§ Task details:
Copy word for word the lines in the records below, starting at the line with "视频画面中这位妈妈打扮成学生" and ending at the line with "6月4日,安徽省建筑質(zh". Skip the pictures.

§ Supplied data:
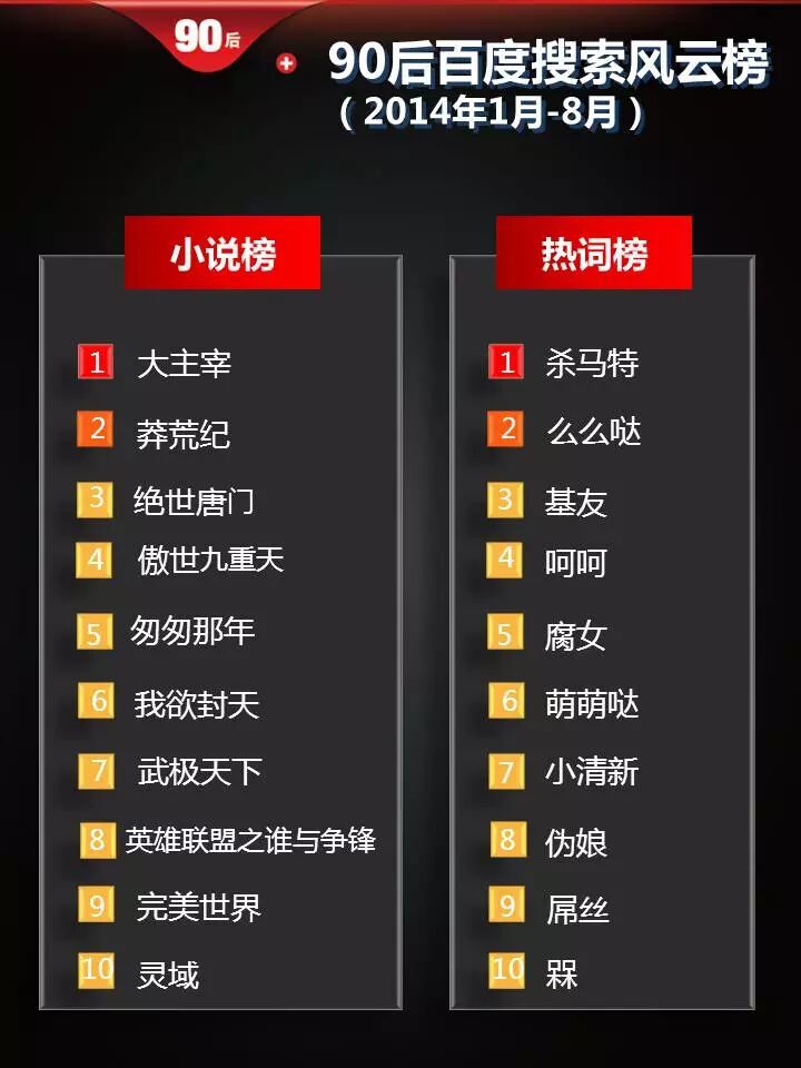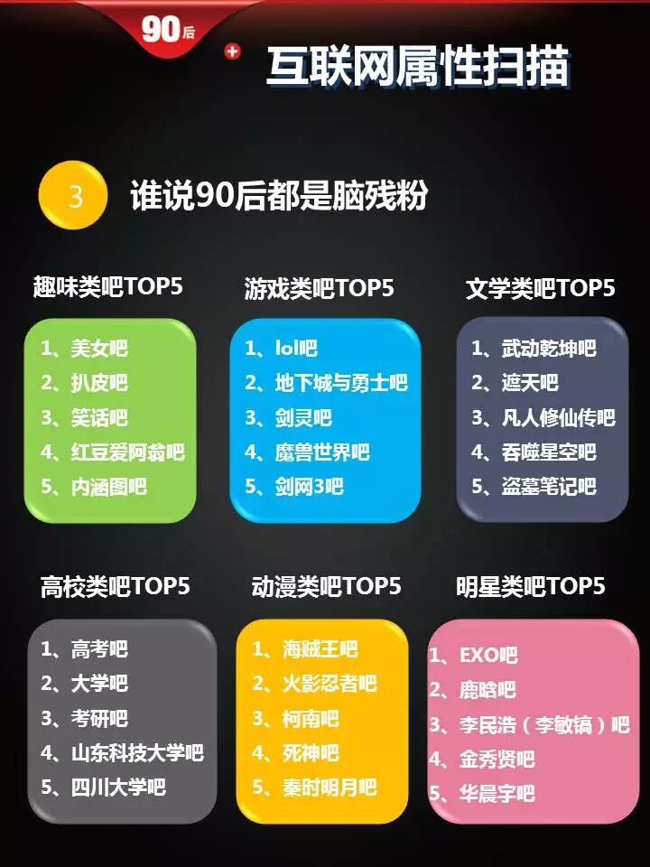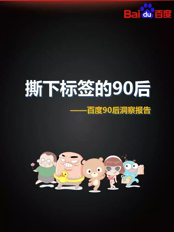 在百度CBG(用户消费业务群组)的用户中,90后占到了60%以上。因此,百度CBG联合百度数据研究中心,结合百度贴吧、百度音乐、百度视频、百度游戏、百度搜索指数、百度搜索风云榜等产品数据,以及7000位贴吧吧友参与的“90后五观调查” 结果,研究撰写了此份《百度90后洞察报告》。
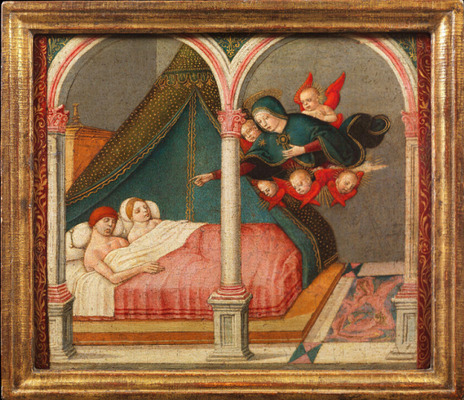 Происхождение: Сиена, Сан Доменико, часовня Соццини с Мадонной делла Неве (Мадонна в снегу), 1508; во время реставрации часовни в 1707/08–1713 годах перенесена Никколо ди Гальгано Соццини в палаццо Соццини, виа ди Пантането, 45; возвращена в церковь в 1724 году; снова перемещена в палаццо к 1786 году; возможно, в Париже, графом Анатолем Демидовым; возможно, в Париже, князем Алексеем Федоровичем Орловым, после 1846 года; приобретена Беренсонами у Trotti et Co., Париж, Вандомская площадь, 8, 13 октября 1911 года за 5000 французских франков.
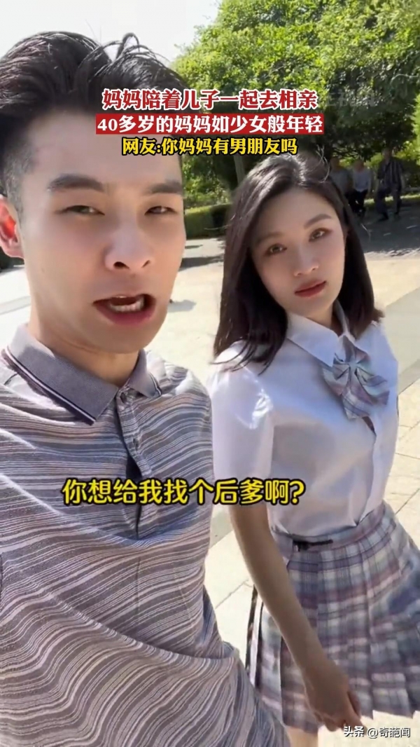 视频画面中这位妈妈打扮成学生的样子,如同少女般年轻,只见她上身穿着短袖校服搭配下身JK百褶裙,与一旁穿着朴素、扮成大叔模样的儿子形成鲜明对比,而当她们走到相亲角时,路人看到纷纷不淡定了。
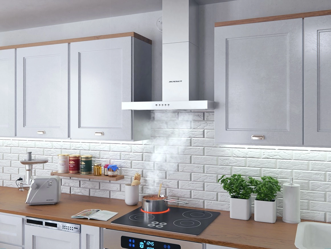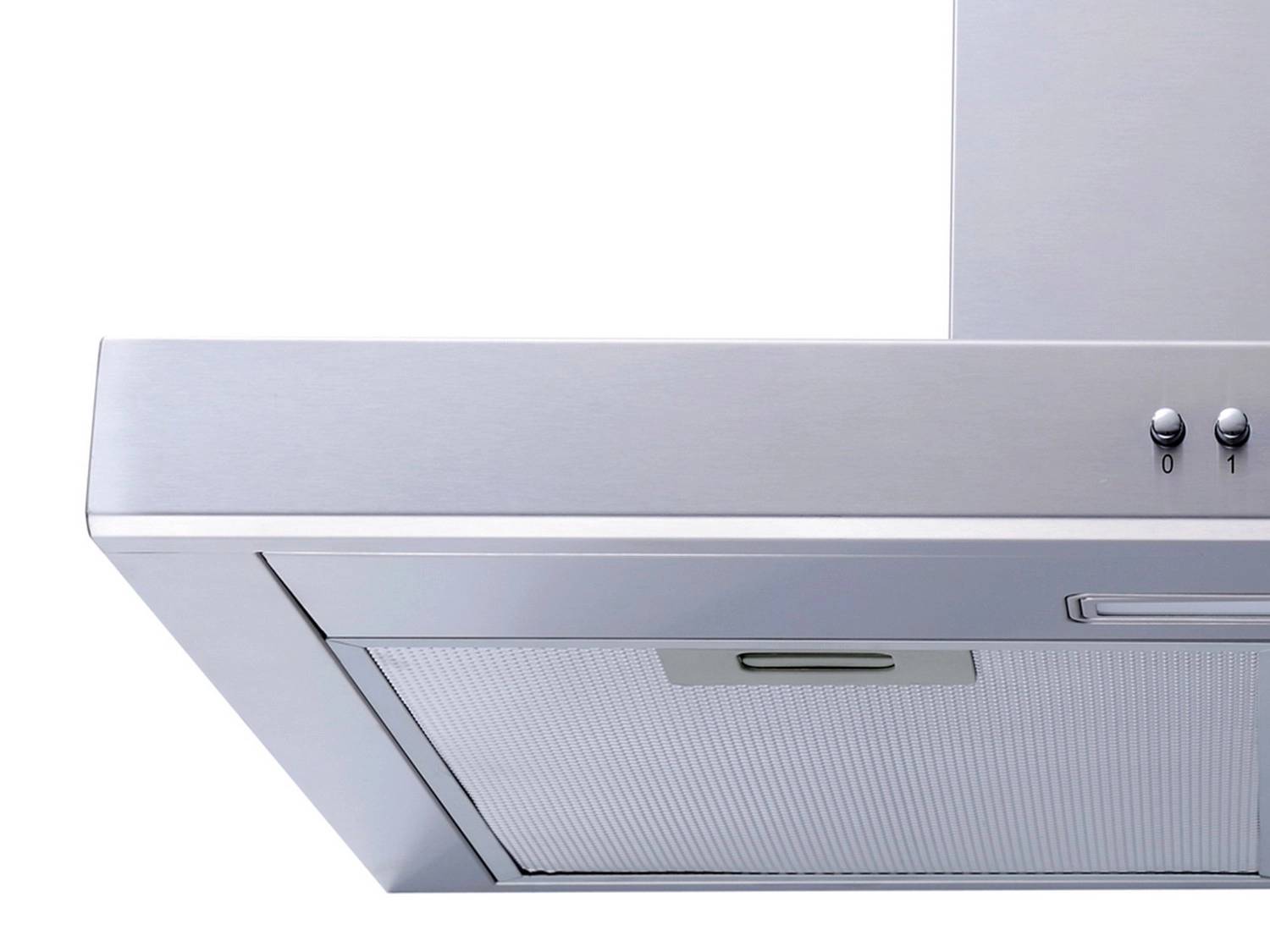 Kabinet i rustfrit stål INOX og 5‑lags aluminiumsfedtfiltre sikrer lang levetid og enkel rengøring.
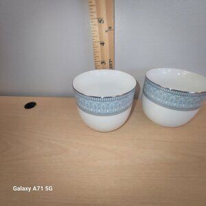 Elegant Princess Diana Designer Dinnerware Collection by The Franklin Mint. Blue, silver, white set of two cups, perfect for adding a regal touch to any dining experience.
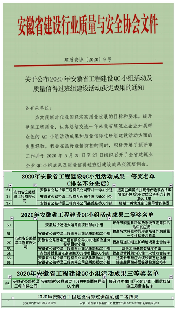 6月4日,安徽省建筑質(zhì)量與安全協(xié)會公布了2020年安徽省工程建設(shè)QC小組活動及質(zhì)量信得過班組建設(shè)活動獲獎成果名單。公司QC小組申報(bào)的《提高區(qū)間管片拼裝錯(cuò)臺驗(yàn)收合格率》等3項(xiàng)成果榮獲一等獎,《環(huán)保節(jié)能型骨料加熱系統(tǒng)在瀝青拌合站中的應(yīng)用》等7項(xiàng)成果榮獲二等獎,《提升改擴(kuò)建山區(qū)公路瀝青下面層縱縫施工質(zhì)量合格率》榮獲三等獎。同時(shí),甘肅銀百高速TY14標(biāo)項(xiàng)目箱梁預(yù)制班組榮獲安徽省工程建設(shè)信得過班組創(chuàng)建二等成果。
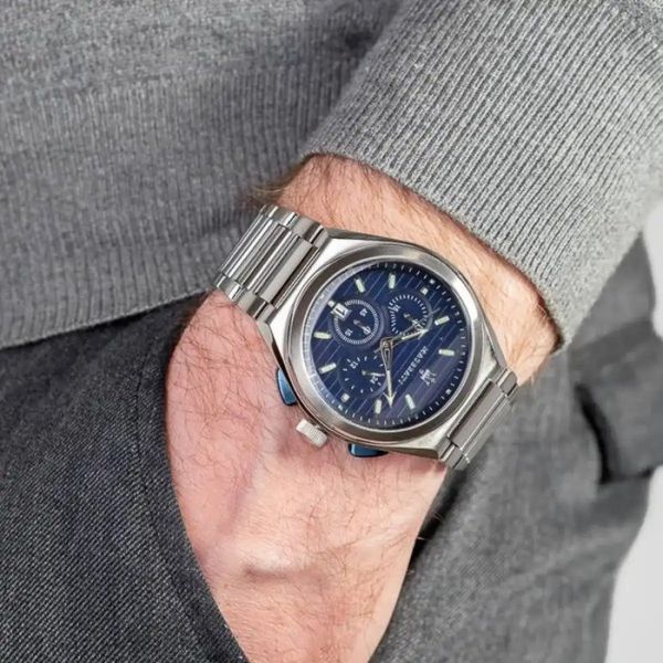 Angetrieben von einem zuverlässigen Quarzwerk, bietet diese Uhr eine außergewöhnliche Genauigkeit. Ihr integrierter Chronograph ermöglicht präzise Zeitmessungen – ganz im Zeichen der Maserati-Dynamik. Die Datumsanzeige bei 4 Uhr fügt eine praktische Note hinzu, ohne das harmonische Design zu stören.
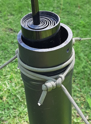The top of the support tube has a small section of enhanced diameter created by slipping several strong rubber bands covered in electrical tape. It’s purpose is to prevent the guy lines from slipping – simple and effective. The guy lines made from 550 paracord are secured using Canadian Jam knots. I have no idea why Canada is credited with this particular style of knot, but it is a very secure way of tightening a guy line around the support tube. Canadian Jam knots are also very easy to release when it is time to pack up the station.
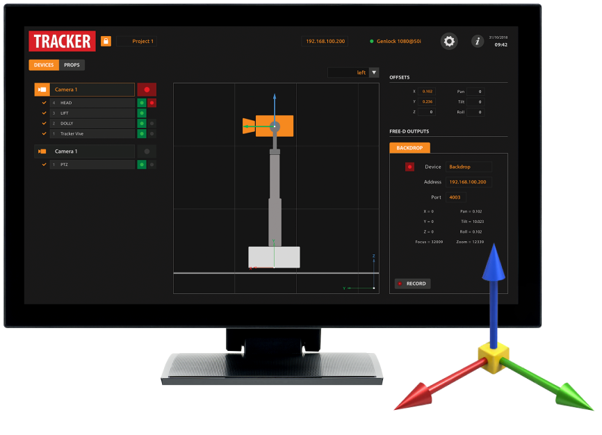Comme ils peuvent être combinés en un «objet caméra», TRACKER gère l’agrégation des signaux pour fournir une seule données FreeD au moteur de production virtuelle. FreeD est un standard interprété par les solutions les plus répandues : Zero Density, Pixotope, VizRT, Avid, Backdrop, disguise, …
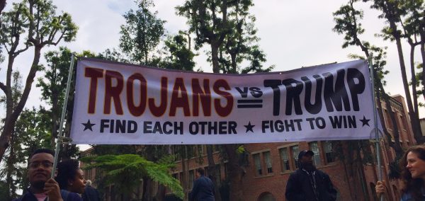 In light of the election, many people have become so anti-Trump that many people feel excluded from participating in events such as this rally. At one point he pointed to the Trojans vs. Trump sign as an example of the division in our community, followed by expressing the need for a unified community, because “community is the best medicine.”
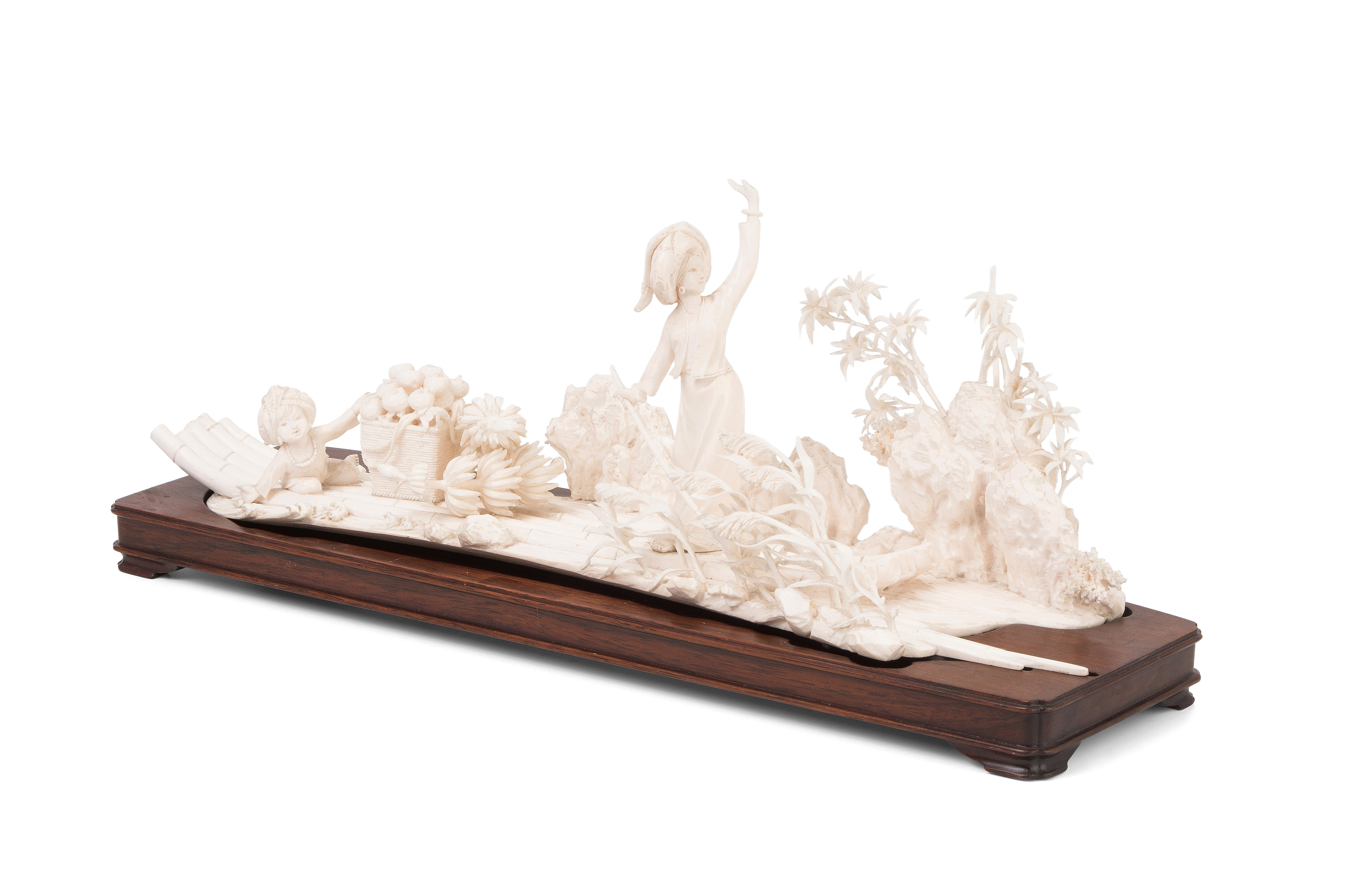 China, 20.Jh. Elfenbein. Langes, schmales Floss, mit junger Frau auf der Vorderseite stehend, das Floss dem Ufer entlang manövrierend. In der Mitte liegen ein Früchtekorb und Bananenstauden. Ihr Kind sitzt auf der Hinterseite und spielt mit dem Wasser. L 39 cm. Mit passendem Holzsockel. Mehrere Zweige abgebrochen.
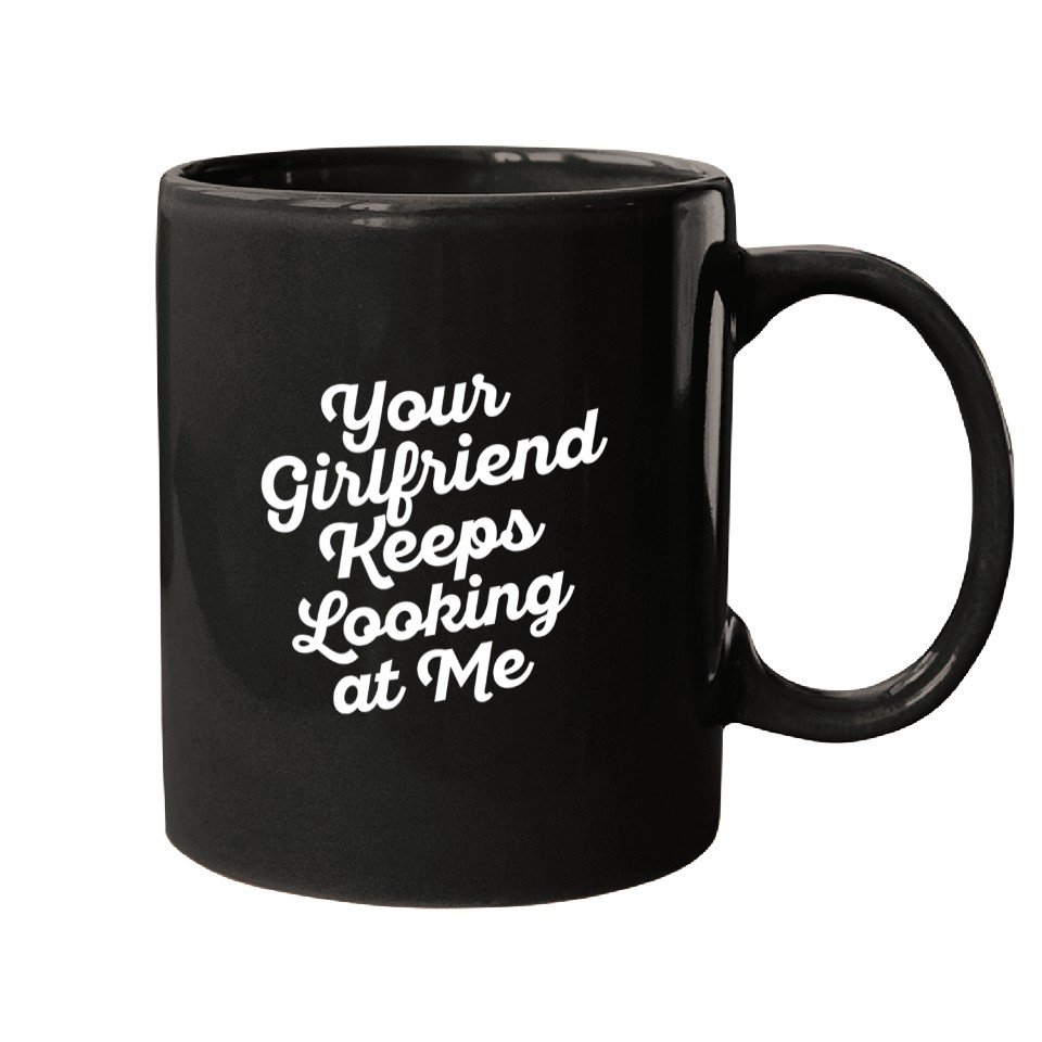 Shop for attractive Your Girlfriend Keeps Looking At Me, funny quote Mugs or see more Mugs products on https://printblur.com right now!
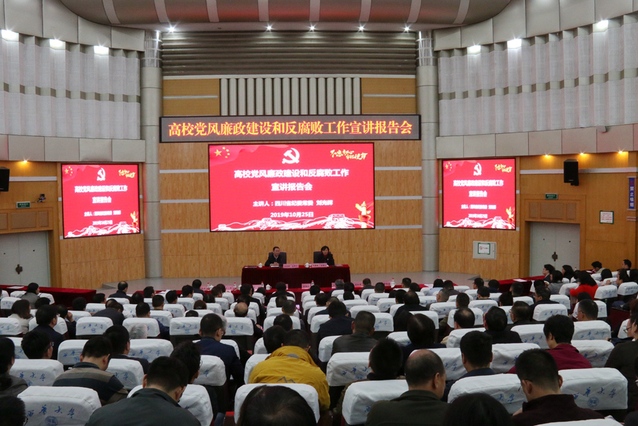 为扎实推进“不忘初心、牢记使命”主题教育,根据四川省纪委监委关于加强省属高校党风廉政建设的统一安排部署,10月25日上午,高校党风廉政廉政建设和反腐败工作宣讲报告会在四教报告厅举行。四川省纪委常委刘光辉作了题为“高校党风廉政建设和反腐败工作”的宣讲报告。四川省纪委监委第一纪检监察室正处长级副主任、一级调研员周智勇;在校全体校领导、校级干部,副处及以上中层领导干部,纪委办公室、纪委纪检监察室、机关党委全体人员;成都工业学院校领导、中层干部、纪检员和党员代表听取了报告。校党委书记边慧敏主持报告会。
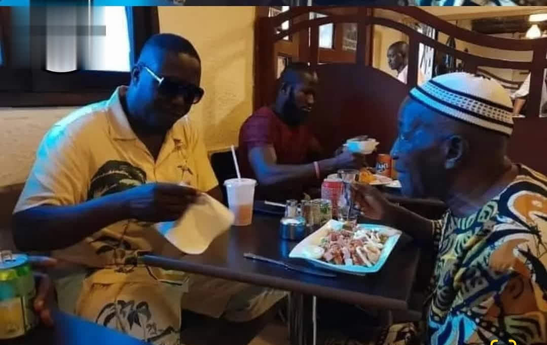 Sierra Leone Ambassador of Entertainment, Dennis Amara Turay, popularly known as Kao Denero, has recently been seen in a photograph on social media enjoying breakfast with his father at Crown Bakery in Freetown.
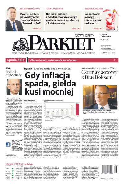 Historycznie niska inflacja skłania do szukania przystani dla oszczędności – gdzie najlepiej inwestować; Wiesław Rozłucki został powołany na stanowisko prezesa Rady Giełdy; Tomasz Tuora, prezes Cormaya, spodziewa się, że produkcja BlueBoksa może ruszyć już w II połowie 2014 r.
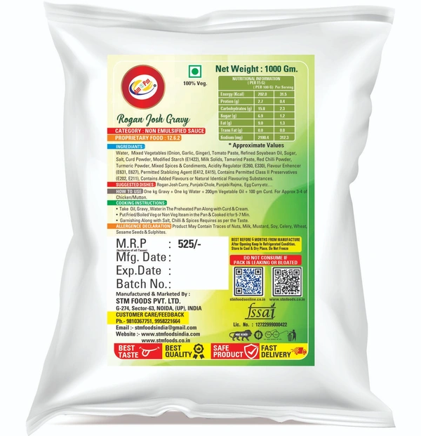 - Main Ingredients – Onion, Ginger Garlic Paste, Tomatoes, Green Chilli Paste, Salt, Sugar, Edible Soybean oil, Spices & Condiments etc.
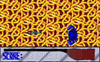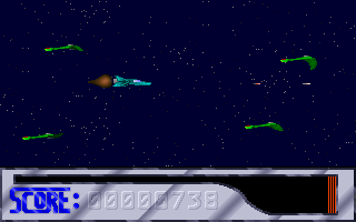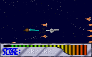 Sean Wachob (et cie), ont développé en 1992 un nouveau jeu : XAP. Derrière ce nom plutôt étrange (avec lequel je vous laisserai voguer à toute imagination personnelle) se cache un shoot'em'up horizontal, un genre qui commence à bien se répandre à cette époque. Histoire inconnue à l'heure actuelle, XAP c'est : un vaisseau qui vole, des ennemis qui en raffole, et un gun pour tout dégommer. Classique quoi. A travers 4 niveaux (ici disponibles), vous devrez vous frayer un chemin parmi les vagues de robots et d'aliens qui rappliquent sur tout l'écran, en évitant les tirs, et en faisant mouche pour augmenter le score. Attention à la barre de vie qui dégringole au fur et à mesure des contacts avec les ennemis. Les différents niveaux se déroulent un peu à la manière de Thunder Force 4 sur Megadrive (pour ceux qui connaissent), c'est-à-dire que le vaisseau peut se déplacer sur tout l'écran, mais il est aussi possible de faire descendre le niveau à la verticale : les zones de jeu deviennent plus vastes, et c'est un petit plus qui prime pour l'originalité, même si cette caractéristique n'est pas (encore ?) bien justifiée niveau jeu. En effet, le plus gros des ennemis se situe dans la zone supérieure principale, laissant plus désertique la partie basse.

§ Response area:
 视频画面中这位妈妈打扮成学生的样子,如同少女般年轻,只见她上身穿着短袖校服搭配下身JK百褶裙,与一旁穿着朴素、扮成大叔模样的儿子形成鲜明对比,而当她们走到相亲角时,路人看到纷纷不淡定了。
 Kabinet i rustfrit stål INOX og 5‑lags aluminiumsfedtfiltre sikrer lang levetid og enkel rengøring.
 Elegant Princess Diana Designer Dinnerware Collection by The Franklin Mint. Blue, silver, white set of two cups, perfect for adding a regal touch to any dining experience.
 6月4日,安徽省建筑質(zhì)量與安全協(xié)會公布了2020年安徽省工程建設(shè)QC小組活動及質(zhì)量信得過班組建設(shè)活動獲獎成果名單。公司QC小組申報(bào)的《提高區(qū)間管片拼裝錯(cuò)臺驗(yàn)收合格率》等3項(xiàng)成果榮獲一等獎,《環(huán)保節(jié)能型骨料加熱系統(tǒng)在瀝青拌合站中的應(yīng)用》等7項(xiàng)成果榮獲二等獎,《提升改擴(kuò)建山區(qū)公路瀝青下面層縱縫施工質(zhì)量合格率》榮獲三等獎。同時(shí),甘肅銀百高速TY14標(biāo)項(xiàng)目箱梁預(yù)制班組榮獲安徽省工程建設(shè)信得過班組創(chuàng)建二等成果。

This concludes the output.